Introduction
In this article, we will take you through the tutorial for Part of Speech or POS Tagging in Spacy library of Python. We will first understand what is POS tagging and why it is used and finally, see some examples of it in Spacy.
What is POS Tagging?
The Part of speech tagging or POS tagging is the process of marking a word in the text to a particular part of speech based on both its context and definition. In simple language, we can say that POS tagging is the process of identifying a word as nouns, pronouns, verbs, adjectives, etc.
Why POS tag is used
Some words can function in more than one way when used in different circumstances. The POS Tagging here plays a crucial role to understand in what context the word is used in the sentence. POS Tagging is useful in sentence parsing, information retrieval, sentiment analysis, etc.
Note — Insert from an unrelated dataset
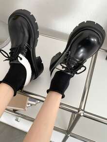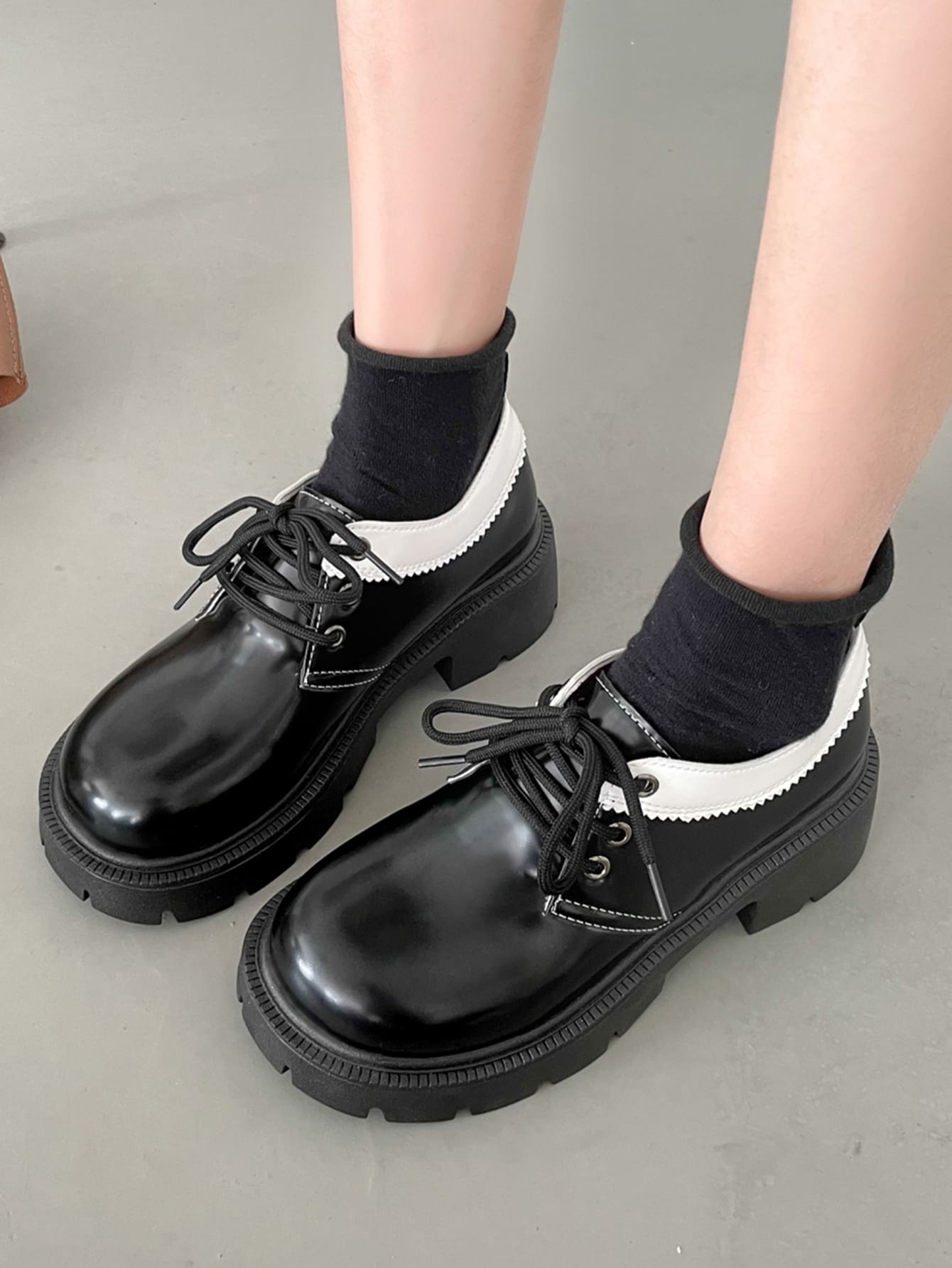 preppy Zapatos oxford Mujer de dos tonos con cordón delantero Cuñas & plataforma

POS Tagging in Spacy Library
Spacy provides a bunch of POS tags such as NOUN (noun), PUNCT (punctuation), ADJ(adjective), ADV(adverb), etc. It has a trained pipeline and statistical models which enable spaCy to make classification of which tag or label a token belongs to. For example, a word following “the” in English is most likely a noun.
Spacy POS Tags List
Every token is assigned a POS Tag in Spacy from the following list:
POS | DESCRIPTION | EXAMPLES |
---|---|---|
ADJ | adjective | *big, old, green, incomprehensible, first* |
ADP | adposition | *in, to, during* |
ADV | adverb | *very, tomorrow, down, where, there* |
AUX | auxiliary | *is, has (done), will (do), should (do)* |
CONJ | conjunction | *and, or, but* |
CCONJ | coordinating conjunction | *and, or, but* |
DET | determiner | *a, an, the* |
INTJ | interjection | *psst, ouch, bravo, hello* |
NOUN | noun | *girl, cat, tree, air, beauty* |
NUM | numeral | *1, 2017, one, seventy-seven, IV, MMXIV* |
PART | particle | *’s, not,* |
PRON | pronoun | *I, you, he, she, myself, themselves, somebody* |
PROPN | proper noun | *Mary, John, London, NATO, HBO* |
PUNCT | punctuation | *., (, ), ?* |
SCONJ | subordinating conjunction | *if, while, that* |
SYM | symbol | *$, %, §, ©, +, −, ×, ÷, =, :), 😝* |
VERB | verb | *run, runs, running, eat, ate, eating* |
X | other | *sfpksdpsxmsa* |
SPACE | space |
Spacy POS Tagging Example
POS Tagging in Spacy library is quite easy as seen in the below example. We just instantiate a Spacy object as doc. We iterate over doc object and use pos_ , tag_, to print the POS tag. Spacy also lets you access the detailed explanation of POS tags by using spacy.explain() function which is also printed in the same iteration along with POS tags.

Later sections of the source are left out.